_Assignment_
Rewrite the full material exactly; no line may be skipped.

_Dataset extract_
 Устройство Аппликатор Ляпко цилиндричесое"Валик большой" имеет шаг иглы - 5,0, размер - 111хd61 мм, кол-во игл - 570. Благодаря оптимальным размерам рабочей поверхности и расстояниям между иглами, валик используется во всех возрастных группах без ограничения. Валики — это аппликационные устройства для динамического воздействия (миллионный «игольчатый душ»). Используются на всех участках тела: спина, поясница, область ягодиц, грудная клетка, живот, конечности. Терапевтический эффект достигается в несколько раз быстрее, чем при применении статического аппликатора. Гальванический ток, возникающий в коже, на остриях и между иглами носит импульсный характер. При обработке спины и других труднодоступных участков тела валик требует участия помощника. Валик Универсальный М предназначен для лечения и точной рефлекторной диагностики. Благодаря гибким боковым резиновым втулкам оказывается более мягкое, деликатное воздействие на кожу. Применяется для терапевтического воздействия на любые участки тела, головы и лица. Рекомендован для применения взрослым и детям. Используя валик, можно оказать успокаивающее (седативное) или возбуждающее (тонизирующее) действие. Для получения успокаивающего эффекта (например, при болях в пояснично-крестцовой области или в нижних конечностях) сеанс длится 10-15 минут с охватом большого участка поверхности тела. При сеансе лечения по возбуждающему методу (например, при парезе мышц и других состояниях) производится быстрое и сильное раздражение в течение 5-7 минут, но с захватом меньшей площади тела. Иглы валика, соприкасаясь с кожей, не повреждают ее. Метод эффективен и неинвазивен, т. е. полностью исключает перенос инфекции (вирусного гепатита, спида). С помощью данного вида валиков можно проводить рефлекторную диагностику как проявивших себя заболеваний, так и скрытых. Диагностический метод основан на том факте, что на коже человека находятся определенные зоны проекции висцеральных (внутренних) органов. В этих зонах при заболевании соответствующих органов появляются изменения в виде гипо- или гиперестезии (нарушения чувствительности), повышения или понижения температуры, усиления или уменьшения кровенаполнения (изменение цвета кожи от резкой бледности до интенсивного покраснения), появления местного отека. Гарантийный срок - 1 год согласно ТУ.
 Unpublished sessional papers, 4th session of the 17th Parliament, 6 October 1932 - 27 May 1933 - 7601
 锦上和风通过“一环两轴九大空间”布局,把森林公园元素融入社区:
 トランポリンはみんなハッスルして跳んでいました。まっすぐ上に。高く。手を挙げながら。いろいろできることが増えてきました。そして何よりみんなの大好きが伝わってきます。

_Expected answer_
 Устройство Аппликатор Ляпко цилиндричесое"Валик большой" имеет шаг иглы - 5,0, размер - 111хd61 мм, кол-во игл - 570. Благодаря оптимальным размерам рабочей поверхности и расстояниям между иглами, валик используется во всех возрастных группах без ограничения. Валики — это аппликационные устройства для динамического воздействия (миллионный «игольчатый душ»). Используются на всех участках тела: спина, поясница, область ягодиц, грудная клетка, живот, конечности. Терапевтический эффект достигается в несколько раз быстрее, чем при применении статического аппликатора. Гальванический ток, возникающий в коже, на остриях и между иглами носит импульсный характер. При обработке спины и других труднодоступных участков тела валик требует участия помощника. Валик Универсальный М предназначен для лечения и точной рефлекторной диагностики. Благодаря гибким боковым резиновым втулкам оказывается более мягкое, деликатное воздействие на кожу. Применяется для терапевтического воздействия на любые участки тела, головы и лица. Рекомендован для применения взрослым и детям. Используя валик, можно оказать успокаивающее (седативное) или возбуждающее (тонизирующее) действие. Для получения успокаивающего эффекта (например, при болях в пояснично-крестцовой области или в нижних конечностях) сеанс длится 10-15 минут с охватом большого участка поверхности тела. При сеансе лечения по возбуждающему методу (например, при парезе мышц и других состояниях) производится быстрое и сильное раздражение в течение 5-7 минут, но с захватом меньшей площади тела. Иглы валика, соприкасаясь с кожей, не повреждают ее. Метод эффективен и неинвазивен, т. е. полностью исключает перенос инфекции (вирусного гепатита, спида). С помощью данного вида валиков можно проводить рефлекторную диагностику как проявивших себя заболеваний, так и скрытых. Диагностический метод основан на том факте, что на коже человека находятся определенные зоны проекции висцеральных (внутренних) органов. В этих зонах при заболевании соответствующих органов появляются изменения в виде гипо- или гиперестезии (нарушения чувствительности), повышения или понижения температуры, усиления или уменьшения кровенаполнения (изменение цвета кожи от резкой бледности до интенсивного покраснения), появления местного отека. Гарантийный срок - 1 год согласно ТУ.
 Unpublished sessional papers, 4th session of the 17th Parliament, 6 October 1932 - 27 May 1933 - 7601
 锦上和风通过“一环两轴九大空间”布局,把森林公园元素融入社区:
 トランポリンはみんなハッスルして跳んでいました。まっすぐ上に。高く。手を挙げながら。いろいろできることが増えてきました。そして何よりみんなの大好きが伝わってきます。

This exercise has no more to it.